- Holt in 1977
- Born: November 8, 1947 Tulsa, Oklahoma, U.S.
- Died: April 6, 2014 (aged 66) South Lake Tahoe, California, U.S.

Details
- Victims: 2+
- Span of crimes: 1977 – 1979 (known)
- Country: United States
- State: California

= Joseph Stephen Holt =

American murderer

Joseph Stephen Holt (November 8, 1947 – April 6, 2014) was an American murderer and suspected serial killer who was posthumously linked via DNA to two murders committed in South Lake Tahoe, California, from 1977 to 1979. Holt, a real estate agent, was never convicted in his lifetime and died without being considered a suspect in 2014. Since his identification in 2019, authorities have been investigating whether he could be responsible for more violent crimes committed in the state.

==Early life==
Joseph Stephen Holt was born on November 8, 1947, in Tulsa, Oklahoma, the first child of an airline pilot and a high school teacher. Shortly after his birth, the family began moving around various locations before finally settling in San Jose, California, where Holt spent most of his youth. After graduating from the Cupertino High School, he studied political science at UC Santa Barbara and later
UC Berkeley, receiving a bachelor's degree. He moved to South Lake Tahoe in 1974, where he soon began a career in real estate, holding down that job up until his death. As a realtor, he frequently traveled between San Jose and South Lake Tahoe, and was regarded as very familiar with the area.

==Murders==
On July 24, 1977, 27-year-old Brynn Rainey, an Ohio woman employed at the Sahara Tahoe Casino in Stateline, Nevada, vanished after she was last seen at the Bittercreek Saloon. When she did not arrive at work for her usual shift the next day, she was reported missing, but after checking her apartment, authorities found that nothing had been stolen. Rainey remained missing for a little over a month until August 20, when a horseback rider found a shallow grave near the Stateline Stables. He reported the finding to the police, who soon identified the decomposing body inside of it as that of Rainey. From what little forensic evidence could be gathered, it was ascertained that she had been raped and then strangled to death.

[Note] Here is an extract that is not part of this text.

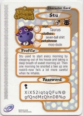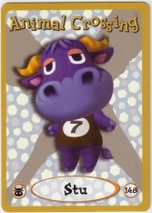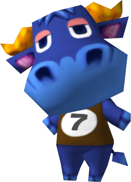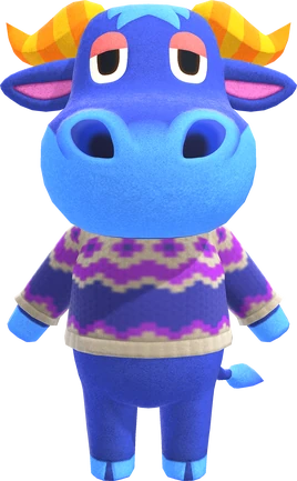 Stu is an indigo bull with pink eyelids and horns that are striped orange and yellow. He has some hair atop his head which is colored a lighter blue from the rest of his body, with his muzzle, hooves, and tail-tip matching this color. His nostrils are very large, and his eyes are half-lidded in his default expression. He wore the seven-ball shirt in every game prior to New Horizons, where it changed to the Yodel Sweater.
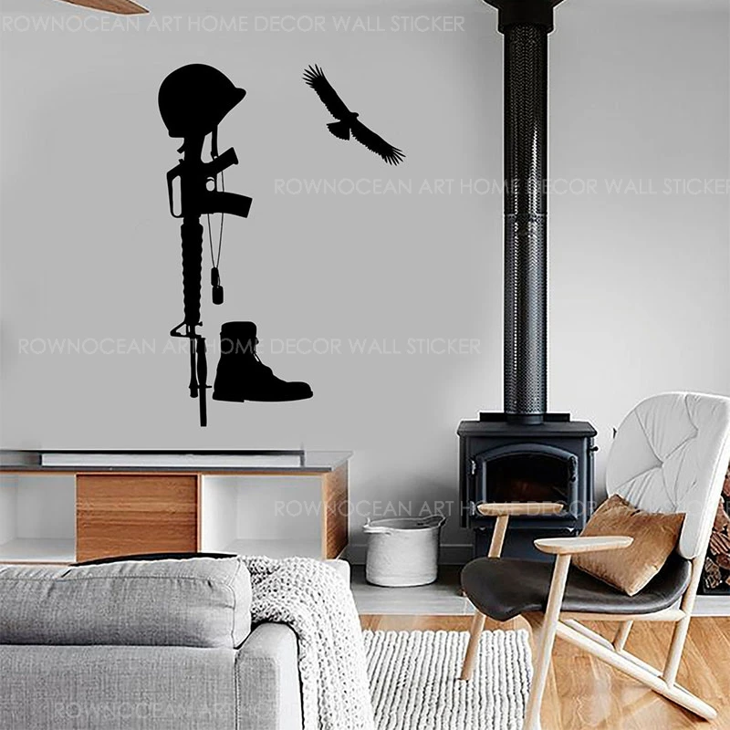 Наклейка на стену военный солдат армейская винтовка мужество стрель...

Two years later, on June 30, 1979, 16-year-old Carol Andersen traveled from her home in Stateline to a house party at Regan Beach, near South Lake Tahoe. After partying the entire night and declining rides home from her friends, Andersen likely traveled on foot before hitching a ride from a passing motorist. The next morning, a motorist passing by the Pioneer Trail discovered the lifeless body of what appeared to be a teenage girl. After informing authorities, the body was sent for autopsy in Sacramento, California, where the coroner positively identified her as Andersen. It was determined that she had been bound, gagged and strangled by her killer, who made no effort to conceal her corpse.

==Identification==
Despite efforts to solve the two women's cases, authorities at the time were unable to, thus rendering them cold for more than four decades. Both cases were shelved until 2007, when the El Dorado County Sheriff's Office formed a cold case task force, which reexamined Rainey and Andersen's murders. The first breaks came in 2012 and 2013, respectively, after they managed to obtain genetic samples from the suspected perpetrator and entered them into CODIS, but to their disappointment, no positive matches were returned. The cases were shelved until 2017, when the agency used genetic genealogy to determine that both killings were committed by the same perpetrator.

Afterwards, they contacted Parabon NanoLabs to test some blood and DNA samples found on articles of clothing from the crime scenes, which eventually allowed them to zero in on the Holt family. Not long after contacting the family members, including one of Holt's biological children who agreed to provide a DNA sample from his father's old toothbrush, authorities were able to conclusively link Holt's DNA to both crime scenes. However, he could not be arrested, as he had died in his South Lake Tahoe home on April 6, 2014, from a heart attack.

After searching through Holt's various belongings, police found a newspaper clipping about an unsolved 1975 shooting in Los Gatos, in which the victim had survived. Queries to the local police department returned a sketch of the suspect in said shooting, which appeared to be a near-perfect match to what Holt looked like at the time. As a result, police have since suspected that he likely has committed other violent crimes centering around the South Lake Tahoe and San Jose area, and are seeking any potential links to unsolved cases that could be linked back to Holt.